## Exercise
In the entries that follow, the lines from the one with "- Věšáky: háčky na zadním panelu a šatní tyč" through the one with "These lumps of" are the ones to write out, exactly and with both ends included. Nothing else should appear.

## Material supplied
···
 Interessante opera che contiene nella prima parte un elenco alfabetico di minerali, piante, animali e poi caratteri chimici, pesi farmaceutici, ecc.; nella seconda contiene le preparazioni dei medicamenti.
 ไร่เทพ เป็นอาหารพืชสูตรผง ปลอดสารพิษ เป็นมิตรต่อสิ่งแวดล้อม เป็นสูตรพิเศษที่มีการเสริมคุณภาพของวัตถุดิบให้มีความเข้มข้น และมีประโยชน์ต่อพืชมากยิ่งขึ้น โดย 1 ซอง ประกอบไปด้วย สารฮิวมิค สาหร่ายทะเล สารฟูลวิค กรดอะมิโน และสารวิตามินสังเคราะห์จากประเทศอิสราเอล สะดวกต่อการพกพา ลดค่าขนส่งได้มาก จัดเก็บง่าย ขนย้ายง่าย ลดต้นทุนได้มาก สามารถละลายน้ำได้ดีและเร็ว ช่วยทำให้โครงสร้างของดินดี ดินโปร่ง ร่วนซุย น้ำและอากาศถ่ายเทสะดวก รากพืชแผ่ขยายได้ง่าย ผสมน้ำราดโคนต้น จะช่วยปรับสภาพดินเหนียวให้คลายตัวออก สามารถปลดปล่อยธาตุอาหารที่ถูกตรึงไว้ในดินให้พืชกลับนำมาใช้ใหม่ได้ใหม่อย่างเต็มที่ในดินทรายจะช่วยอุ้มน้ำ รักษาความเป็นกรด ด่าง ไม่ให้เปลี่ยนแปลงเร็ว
···
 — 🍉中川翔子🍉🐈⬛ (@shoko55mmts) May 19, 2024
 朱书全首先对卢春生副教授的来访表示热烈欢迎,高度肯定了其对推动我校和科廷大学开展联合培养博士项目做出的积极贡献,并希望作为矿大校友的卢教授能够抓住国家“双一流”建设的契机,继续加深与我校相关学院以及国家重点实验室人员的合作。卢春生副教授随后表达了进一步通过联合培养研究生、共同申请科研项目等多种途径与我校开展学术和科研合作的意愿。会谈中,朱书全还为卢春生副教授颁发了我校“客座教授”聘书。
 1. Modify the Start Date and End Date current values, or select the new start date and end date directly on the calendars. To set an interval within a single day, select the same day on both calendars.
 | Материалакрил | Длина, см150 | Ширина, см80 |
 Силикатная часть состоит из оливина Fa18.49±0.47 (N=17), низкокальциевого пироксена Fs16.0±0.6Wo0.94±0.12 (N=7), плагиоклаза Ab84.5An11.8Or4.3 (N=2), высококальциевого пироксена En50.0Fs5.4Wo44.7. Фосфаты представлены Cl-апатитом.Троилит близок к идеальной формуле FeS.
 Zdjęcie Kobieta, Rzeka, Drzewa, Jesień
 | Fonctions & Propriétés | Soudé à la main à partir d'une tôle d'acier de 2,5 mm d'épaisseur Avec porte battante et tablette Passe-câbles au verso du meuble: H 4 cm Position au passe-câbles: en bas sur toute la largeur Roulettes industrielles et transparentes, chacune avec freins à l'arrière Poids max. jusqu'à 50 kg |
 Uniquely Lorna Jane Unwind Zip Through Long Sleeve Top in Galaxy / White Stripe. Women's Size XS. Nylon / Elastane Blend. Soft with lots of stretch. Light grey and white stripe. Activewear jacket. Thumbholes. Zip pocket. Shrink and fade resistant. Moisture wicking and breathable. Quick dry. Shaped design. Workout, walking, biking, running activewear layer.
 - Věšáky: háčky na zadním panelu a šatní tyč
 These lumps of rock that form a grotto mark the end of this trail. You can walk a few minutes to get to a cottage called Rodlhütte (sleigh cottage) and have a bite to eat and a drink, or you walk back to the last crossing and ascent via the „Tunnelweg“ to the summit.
···
## Exercise solution
 - Věšáky: háčky na zadním panelu a šatní tyč
 These lumps of rock that form a grotto mark the end of this trail. You can walk a few minutes to get to a cottage called Rodlhütte (sleigh cottage) and have a bite to eat and a drink, or you walk back to the last crossing and ascent via the „Tunnelweg“ to the summit.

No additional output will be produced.